VOGONS


First post, by 386SX

User metadata
Rank l33t
Rank
l33t

Hi,
if I would use a PCI Express Sata3 controller with a PCI express to PCI adapter for my KT600 board, will I get some improvements on speed side vs the original Sata1 controller or the PCI bandwith will limit anyway the speed?
Thank

Reply 1 of 8, by mzry

User metadata
Rank Member
Rank
Member

That would be slower as the chipset sata controller is connected more directly to the system bus. If you use pci it will not only be limited by the pci bus speed but also by shared resources.

Reply 2 of 8, by gdjacobs

User metadata
Rank l33t++
Rank
l33t++
mzry wrote:

That would be slower as the chipset sata controller is connected more directly to the system bus. If you use pci it will not only be limited by the pci bus speed but also by shared resources.

The NB/SB link can push approximately 512MB/s and the PCI bus can push 133MB/s. Max theoretical SATA1 performance is 150MB/s. Most mechanical drives will have a hard time reaching these limits, anyway.

The onboard SATA controller has been known to have compatibility problems, particularly with very modern drives. If you run into such issues, I'd probably look into an IDE-SATA converter rather than a SATA add on card.

All hail the Great Capacitor Brand Finder

Reply 3 of 8, by 386SX

User metadata
Rank l33t
Rank
l33t
gdjacobs wrote:
mzry wrote:

That would be slower as the chipset sata controller is connected more directly to the system bus. If you use pci it will not only be limited by the pci bus speed but also by shared resources.

The NB/SB link can push approximately 512MB/s and the PCI bus can push 133MB/s. Max theoretical SATA1 performance is 150MB/s. Most mechanical drives will have a hard time reaching these limits, anyway.

The onboard SATA controller has been known to have compatibility problems, particularly with very modern drives. If you run into such issues, I'd probably look into an IDE-SATA converter rather than a SATA add on card.

I am using a SATA3 SSD disk with the onboard VLynk 8X SATA1 of the KT600 and I get probably the max out of SATA1 speed (130Mb/s cacheable, 85MB/s read) and fortunately this SSD quiet new disk has beed working flawless. But I was thinking the PCI solution to get even newer option on this motherboard. But the shared PCI speed make me think I'll have more problems than benefits.

Reply 4 of 8, by havli

User metadata
Rank Oldbie
Rank
Oldbie

Real PCI bandwidth is somewhere around 100 MB/s on most boards... so no performance increase for sure.

HW museum.cz - my collection of PC hardware

Reply 5 of 8, by 386SX

User metadata
Rank l33t
Rank
l33t
havli wrote:

Real PCI bandwidth is somewhere around 100 MB/s on most boards... so no performance increase for sure.

But should we think also about the speed between the sata controller and the disk that theoricaly should on paper run at 3gb/s?

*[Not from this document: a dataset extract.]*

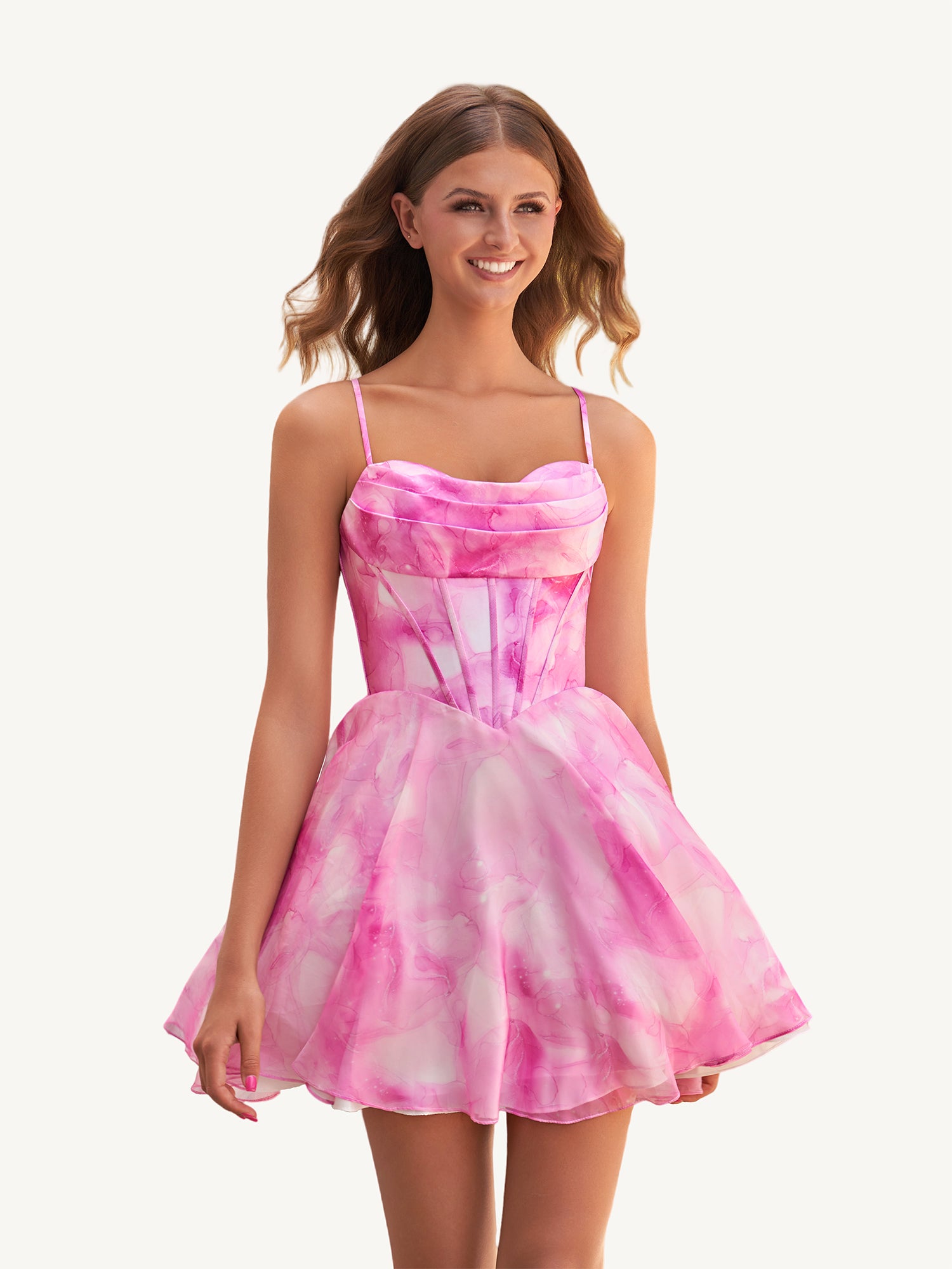 Cyra | Blue - A Line Floral Chiffon Corset Spaghetti Straps Homecoming Dresses

I mean, when cpu will say the controller to write or read data, will be important the speed between the cpu and the (pci) sata controller and/or the speed between the sata controller and the (just the sata cable) disk?

Reply 6 of 8, by havli

User metadata
Rank Oldbie
Rank
Oldbie

CPU -> sata controller is the bottleneck here. Running the SSD at 3gb/s won't help because the rest of your PC simply can't get the data fast enough.

HW museum.cz - my collection of PC hardware

Reply 7 of 8, by gdjacobs

User metadata
Rank l33t++
Rank
l33t++
386SX wrote:
havli wrote:

Real PCI bandwidth is somewhere around 100 MB/s on most boards... so no performance increase for sure.

But should we think also about the speed between the sata controller and the disk that theoricaly should on paper run at 3gb/s? I mean, when cpu will say the controller to write or read data, will be important the speed between the cpu and the (pci) sata controller and/or the speed between the sata controller and the (just the sata cable) disk?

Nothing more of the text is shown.